Photoelectrics do a fine job of detecting an object's presence or absence, and with a little creativity can be used for a surprisingly large number of applications. For example, two or more can be combined to sort objects based on height. And they're inexpensive and simple to use because there's no fiddling with lighting or lenses. Like vision sensors and systems, their output can be used for machine control. For those reasons, photoelectrics are the first option to consider for automated inspections.
But photoelectric sensors can't collect and analyze thousands or millions of information pixels like a vision sensor can. And photoelectric sensors are, in effect, single-pixel devices, so the object to be sensed must be within the sensor's narrow beam. For that reason, they're typically used when the object's position is fixed and predictable.
Vision sensors and vision systems, on the other hand, capture a scene made up of thousands or millions of pixels, so they can detect an object even if it moves significantly. Motion is a normal part of many production processes, and being able to sense an object despite movement can save thousands of dollars on fixturing and allow production lines to operate at higher speeds.
With these three options — vision systems, vision sensors, and photoelectric sensors — manufacturers can successfully automate inspections at more places in their production processes, improving product quality and further driving down costs. These cost reductions can improve both corporate profitability and quality of life for employees and customers who rely on low-cost manufactured goods.

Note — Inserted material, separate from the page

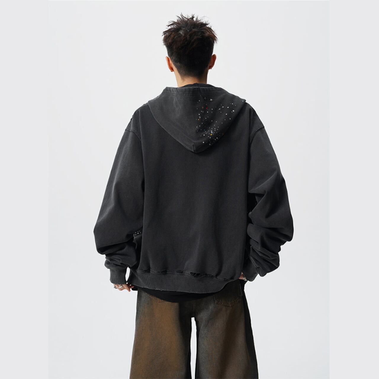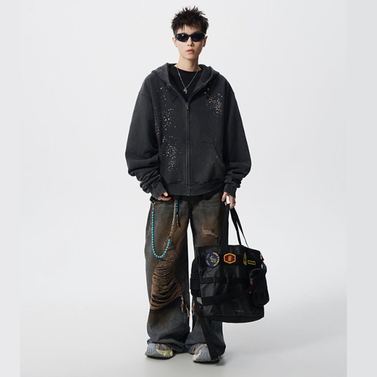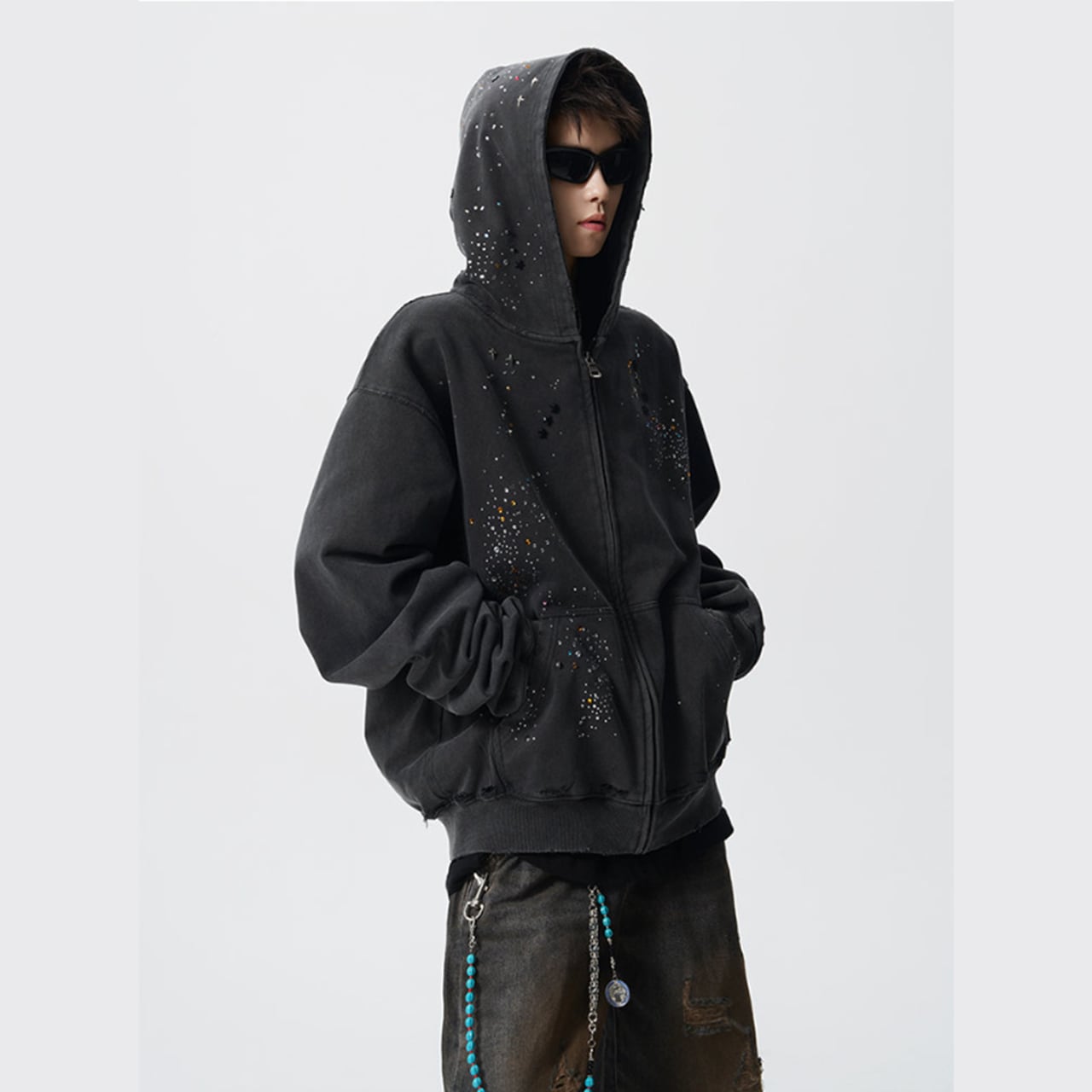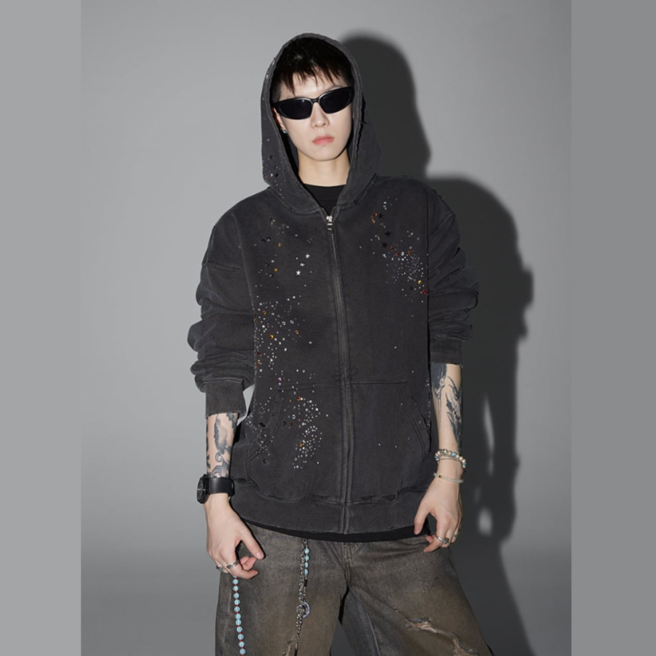 ラインストーン スタッズ ダメージ加工 ジップアップパーカーは、個性的なダメージ加工と煌びやかなラインストーンスタッズが特徴的なアイテムです。このパーカーを着ることで、カジュアルながらもセンスのあるスタイルを演出できます。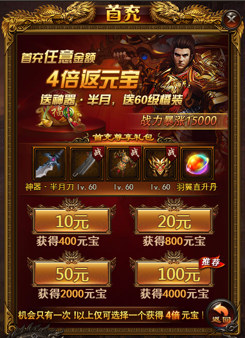 2. 首次充值指定档次可以获得4倍元宝,该4个档次只能选择1个档次充值。该4倍返利与2倍返利不会同时生效。

For more information, contact Banner Engineering at (800) 809-7043 or visit bannerengineering.com. To read more about machine vision systems, how they work, and how to select critical components, visit motionsystemdesign.com's Knowledge FAQtory and look for links that will connect you to related articles and information.
Vision's Holy Grail
Machine designers have long quested after the Holy Grail: An affordable way to integrate machine vision in a network to feed enough data to process controllers such as PLCs, human-machine interfaces (HMIs), and robotic controllers, to allow them to make decisions about complex traits such as color, size, and position. Until recently, their options were to settle for the small amount of information a photoelectric sensor could gather or the slightly more information a vision sensor could rapidly communicate from the tons of information it gathered, or to invest in a full-blown multi-component vision system.
Their quest has been answered with the marriage of low-cost vision sensors with communication protocols such as Modbus TCP and EtherNet/IP. These protocols have increased by a factor of 100 the amount of useful data vision sensors can communicate to a process controller fast enough for the controller to make realtime decisions. Tablet is baby blue instead of powder blue? Kick it off the line. Soda bottles on the fill line are empty? Alert the operator ASAP, because the fill tube probably broke off, and soda is spraying all over. Box is three inches to the left of the one before it? Tell the robotic arm so it knows where to pick up the carton.
While this kind of closed-loop feedback system is more technically challenging to set up than after-the-fact inspection, savings in reduced scrap and reworking makes it worth investigating. Thanks to recent advances in vision technology, today's machine designers can do just that — and get the level of optical sophistication ideally suited to the task.